We continue to collaborate with movement researchers and innovate approaches for movement data analysis, modeling and data sharing. See for example our study about Zebra migration. And the Arctic Animal Movement Archive.

Wetland Hydrodynamics, Greenhouse Gas Budgets and Transport Through Plants

We are working in Old Woman Creek National Estuarine Research Reserve to study how the hydrology and hydrodynamics of the wetland affect the greenhouse gas budgets and sequestration rates. We are particularly interested in elucidating the role that small-scale vegetation patches of different types have on methane transport and microbial methane processes. We provided quantitative evidence of the methane paradox – showing methane production under bulk aerobic conditions in shallow wetland patches. We provided direct measurements of the seasonal dynamics of conductivity to methane flow through plants of different species. We developed an approach to correct for the changing footprint of eddy covariance flux measurements in heterogeneous wetlands (they all are) by combining EC flux and chamber flux measurements with remote sensed vegetation patch map and a footprint model. Our flux observations are available through Ameriflux, and chamber and porewater gas-concentration measurements are available through ESS-DiVE. We also worked in riverine and bog sites.

Hydrodynamic controls of transpiration from trees

We have installed a long-term sap flow and tree water content measurements array in hundreds of trees at the US-UMB and US-UMd flux sites’ footprints.

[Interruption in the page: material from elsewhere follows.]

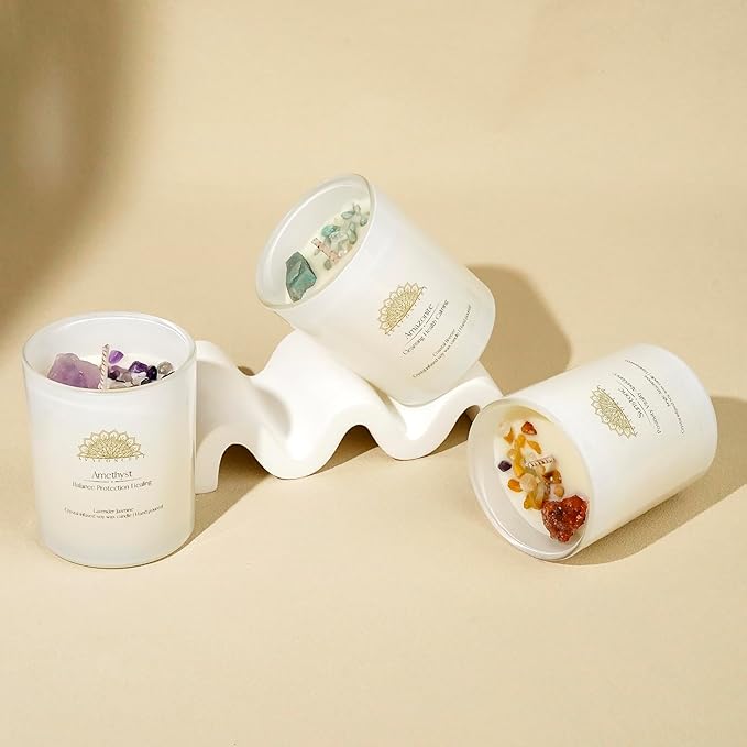 - CRYSTAL VARIETIES: Each candle features a different crystal - Amethyst for peace and balance, Amazonite for wisdom, and Sunstone for motivation and positive energy

EC, meteorological, soil moisture and tree hydrodynamics data is combined to improve understanding of the controls of stomata conductance. We focus on understanding the inter-species differences in stomata control strategies, response to water stress, and drought recovery. We developed the FETCH hydrodynamic modeling approach, the FETCH2 model and in the process of implementing FETCH formulation in hydrodynamic-vegetation modules in other earth system models.


Vegetation effects on air quality and aerosol transport 

We are working around agricultural facilities (CAFOs) and hydro fracking sites to observe and model dispersion of PM, methane and other scalars. We particularly study the effects of vegetation on downwind dispersion plum concentrations.